The Lausward gas power plant in Düsseldorf is set to be one of the world’s most efficient

PHOTO: The plant will have an electrical output of 595MW, the highest ever for a single combined cycle unit. Credit: Siemens

As the population in the Middle East continues to grow and cities in the region expand, it follows that governments will have to invest more in infrastructure – everything from public transport to healthcare and education – to cope with the scale of growth.

Hardly any urban expansion is possible, however, without electricity. The region will need not just more energy, but cleaner and more efficient ways of generating it.

In a typically fossil fuel-dependent region, it will be a while before renewables contribute significantly to the energy produced. However, due to possible fluctuations in the output of renewable energy, clean plants powered by conventional sources could be key to satisfying base load requirements. For this reason, it’s worth looking west to see if some lessons from Europe – which leads the way in clean energy – can be adopted.

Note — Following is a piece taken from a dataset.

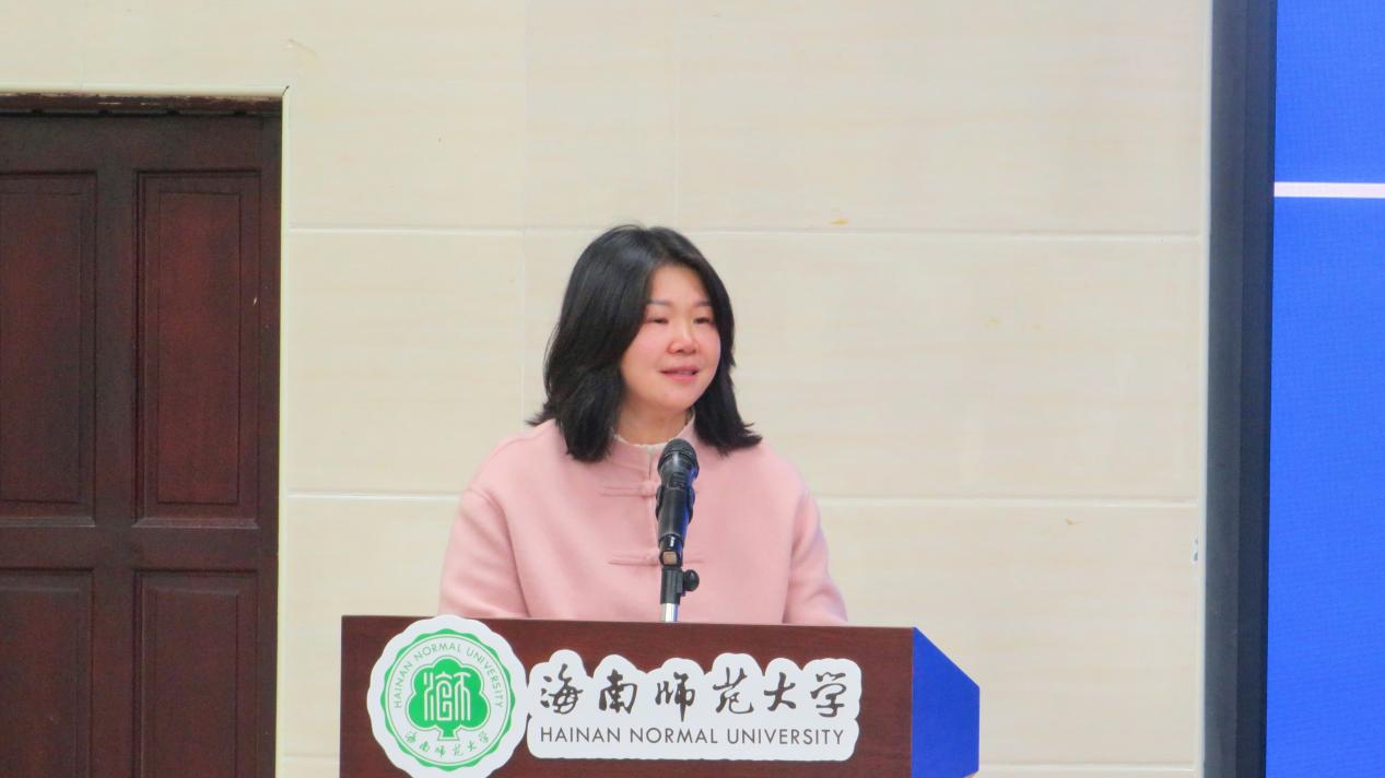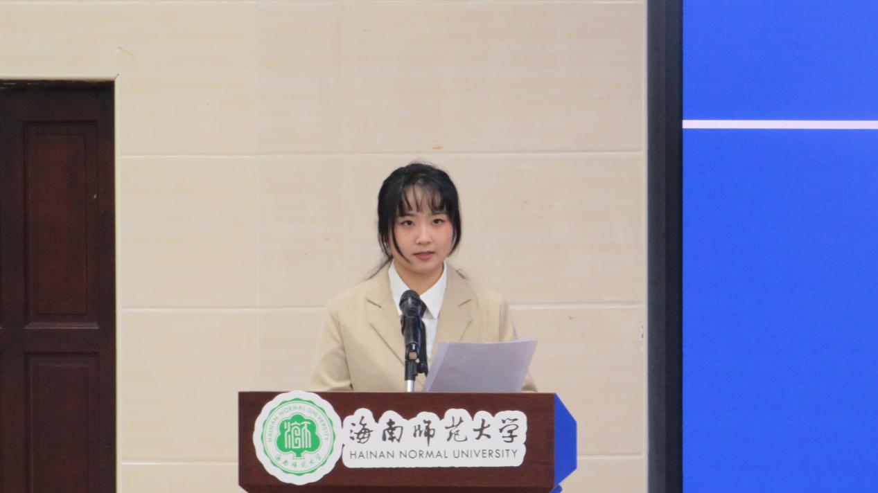 老志愿者代表2022级英语8班刘林果发言。她分享了自己两次参与博鳌志愿服务的经验,强调要遵守纪律、注重细节、加强团队协作,传递正能量,展现海师志愿者良好风采。她还讲述了前辈志愿者的故事,传递出志愿服务精神传承的重要性。

Big Project ME was recently invited to tour a combined cycle power plant currently being built by Siemens in the German city of Düsseldorf, which is expected to be among the world’s most efficient and environment-friendly facilities of its kind. The Lausward power plant, named Block Fortuna, will replace an old coal-fired plant and will be a combined cycle gas turbine (CCGT) plant scheduled to enter service in 2016.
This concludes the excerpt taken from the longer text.